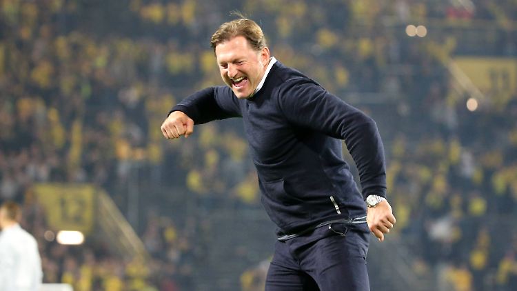 Der Mann war außer Rand und Band: Völlig losgelöst rannte Ralph Hasenhüttl auf das Spielfeld, jubelte, reckte die Faust in den Abendhimmel über Dortmund und umarmte jeden seiner Spieler, dem er habhaft werden konnte. Diesen Sieg, das konnte jeder sehen, ordnete der Trainer von RB Leipzig in die Kategorie "besonders wertvoll" ein. Sein Team hatte das höchst attraktive Spitzenspiel im größten Stadion der Liga gewonnen und dabei eine Klasseleistung gezeigt. Nicht nur das, die zuvor mehr als eineinhalb Jahre uneinnehmbare Dortmunder Festung ist mal wieder gefallen. Der Österreicher sprach von einem "Ausrufezeichen für uns, dass wir ohne Werner und Forsberg spielen und trotzdem eine solch schlagkräftige Truppe auf den Platz bekommen".
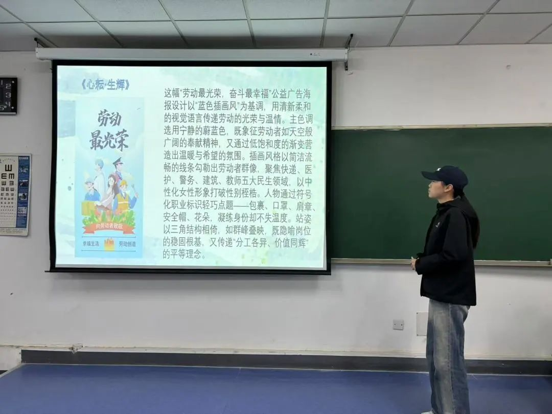 比賽開始前,主持人宣讀比賽規(guī)則和評分標準,向同學(xué)們闡述勞動奮斗精神在新時代的重要意義,并呼吁同學(xué)們積極為社會做出奮斗和勞動。比賽過程中,同學(xué)們圍繞“勞動最光榮,奮斗最幸福”這一主題,用豐富的視頻和精美海報訴說著新時代下的勞動故事,用強烈熾熱的情感表達對勞動精神的歌頌與踐行,參賽選手解說視頻的創(chuàng)意和海報的設(shè)計理念贏得了臺下評委和觀眾們的陣陣掌聲。
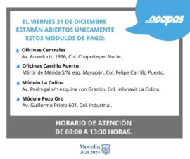 Morelia, Michoacán, a 30 de Diciembre de 2021. El Organismo Operador de Agua Potable Alcantarillado y Saneamiento de Morelia (OOAPAS) informa que este viernes 31 de diciembre estarán abiertos al público cuatro (04) módulos de pago, de 08:00 a 13:30 horas, para que los usuarios puedan acudir a...
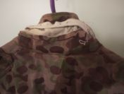 Flecktarnjacke in gutem gebrauchten Zustand. Unter dem Kragen ist die Naht aufgegangen was aber das tragen der Jacke nicht beeinträchtigt. Der Druckknopf an der linken Brusttasche ist kaputt. Größe M
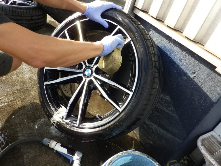 ハブ部分錆取り、防錆処理を行いホイールは、裏も表も洗います。この内容は、当店の車検整備の基本価格に
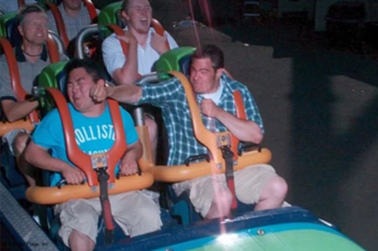 Nothing says “friendship” like an unexpected punch to the face on a roller coaster! As the ride hits a high-speed turn, one rider’s fist flies, landing squarely on his buddy’s cheek. The expressions range from shock to hilarity, perfectly capturing the chaos and fun of the moment. It’s a friendly jab, delivered at the worst possible time.
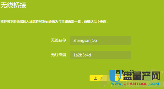 连接后,会自动将(桥接的)SSID及(桥接的)BSSID信息填入,最后输入自己想访问TP-Link的密码
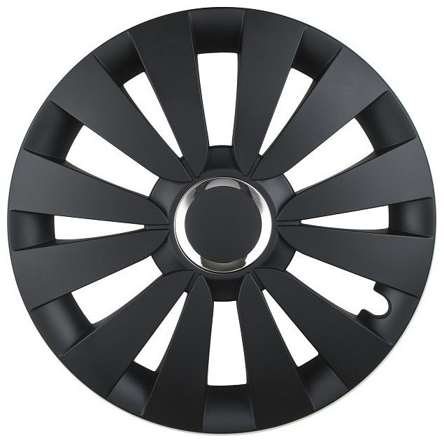 Kołpaki pasują do większości modeli samochodów wyposażonych w stalowe felgi. Dzięki możliwości regulacji obręczy można idealnie dopasować kołpak do felgi. Nie nadają się jedynie do felg wypukłych ZALETY: WYSOKA JAKOŚĆ zastosowanego tworzywa ABS WYTRZYMAŁOŚĆ ? odporne na uderzenia i zmienne warunki atmosferyczne BEZPIECZEŃSTWO ? zatrzaski z tworzywa sztucznego nie powodują uszkodzenia felg ŁATWOŚĆ MONTAŻU ? bez użycia dodatkowych narzędzi EFEKTOWNY WYGLĄD Aby wybrać prawidłowy rozmiar kołpaka należy sprawdzić średnicę felgi ? informację taką można odczytać na oponie. Liczba następująca po symbolu ?R? oznacza średnicę opony. MONTAŻ: Zdejmij zbędne pokrywy z felgi i oczyść jej zewnętrzną stronę Ustaw stalowy pierścień rozprężny w pozycji z wcięciem pod wentyl i wciśnij go w gniazda łapek zaciskowych. Przyłóż kołpak do felgi, tak aby miejsce na wentyl w kołpaku pokrywało się z wentylem w feldze. Nałóż kołpak na dolną część felgi, podeprzyj kolanem, górne dwie łapki zaciskowe przyciśnij (uchyl) palcami od góry w dół kołpaka i jednocześnie wciśnij kołpak do wewnątrz rantu felgi. Dociśnij na całym obwodzie felgi.
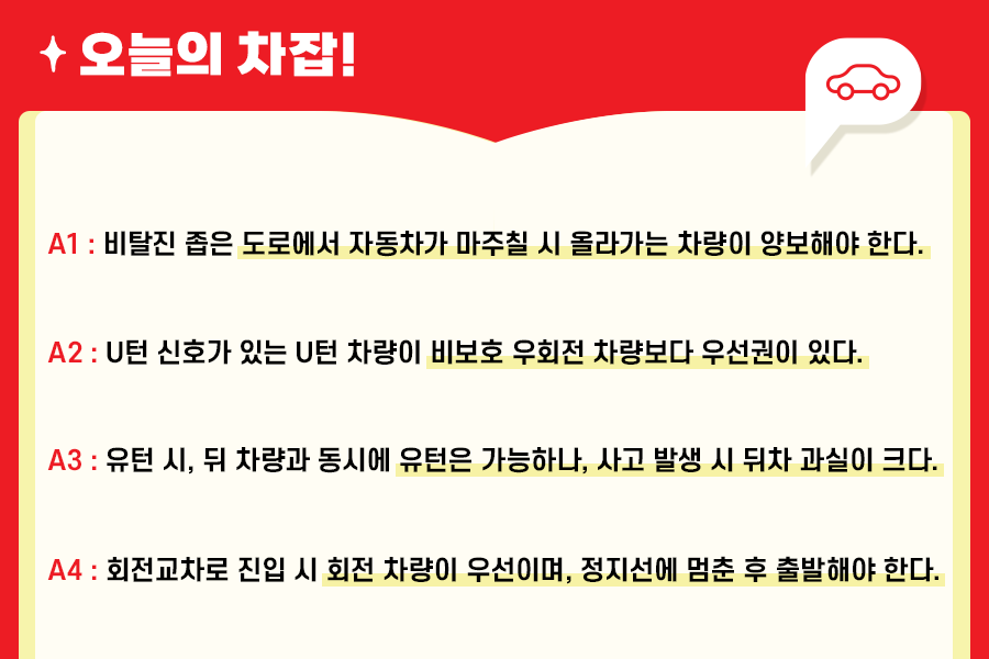 오늘은 우선권에 대한 안전운전 내용들에 대해 차문차답을 해보았는데요. 모든 질문 속에는 안전에 관한 이야기가 있으므로, 안전운전을 위해 필요한 내용입니다. 다음 주 역시 많은 분의 궁금증이 사라질 수 있도록 좋은 정보로 찾아뵙겠습니다!

|---|

WHAT IS NEEDED
From the material above, write out exactly the lines from the line with "连接后,会自动将(桥接的)S" through the closing line, inclusive, and no pictures.

COMPLETED TASK
 连接后,会自动将(桥接的)SSID及(桥接的)BSSID信息填入,最后输入自己想访问TP-Link的密码
 Kołpaki pasują do większości modeli samochodów wyposażonych w stalowe felgi. Dzięki możliwości regulacji obręczy można idealnie dopasować kołpak do felgi. Nie nadają się jedynie do felg wypukłych ZALETY: WYSOKA JAKOŚĆ zastosowanego tworzywa ABS WYTRZYMAŁOŚĆ ? odporne na uderzenia i zmienne warunki atmosferyczne BEZPIECZEŃSTWO ? zatrzaski z tworzywa sztucznego nie powodują uszkodzenia felg ŁATWOŚĆ MONTAŻU ? bez użycia dodatkowych narzędzi EFEKTOWNY WYGLĄD Aby wybrać prawidłowy rozmiar kołpaka należy sprawdzić średnicę felgi ? informację taką można odczytać na oponie. Liczba następująca po symbolu ?R? oznacza średnicę opony. MONTAŻ: Zdejmij zbędne pokrywy z felgi i oczyść jej zewnętrzną stronę Ustaw stalowy pierścień rozprężny w pozycji z wcięciem pod wentyl i wciśnij go w gniazda łapek zaciskowych. Przyłóż kołpak do felgi, tak aby miejsce na wentyl w kołpaku pokrywało się z wentylem w feldze. Nałóż kołpak na dolną część felgi, podeprzyj kolanem, górne dwie łapki zaciskowe przyciśnij (uchyl) palcami od góry w dół kołpaka i jednocześnie wciśnij kołpak do wewnątrz rantu felgi. Dociśnij na całym obwodzie felgi.
 오늘은 우선권에 대한 안전운전 내용들에 대해 차문차답을 해보았는데요. 모든 질문 속에는 안전에 관한 이야기가 있으므로, 안전운전을 위해 필요한 내용입니다. 다음 주 역시 많은 분의 궁금증이 사라질 수 있도록 좋은 정보로 찾아뵙겠습니다!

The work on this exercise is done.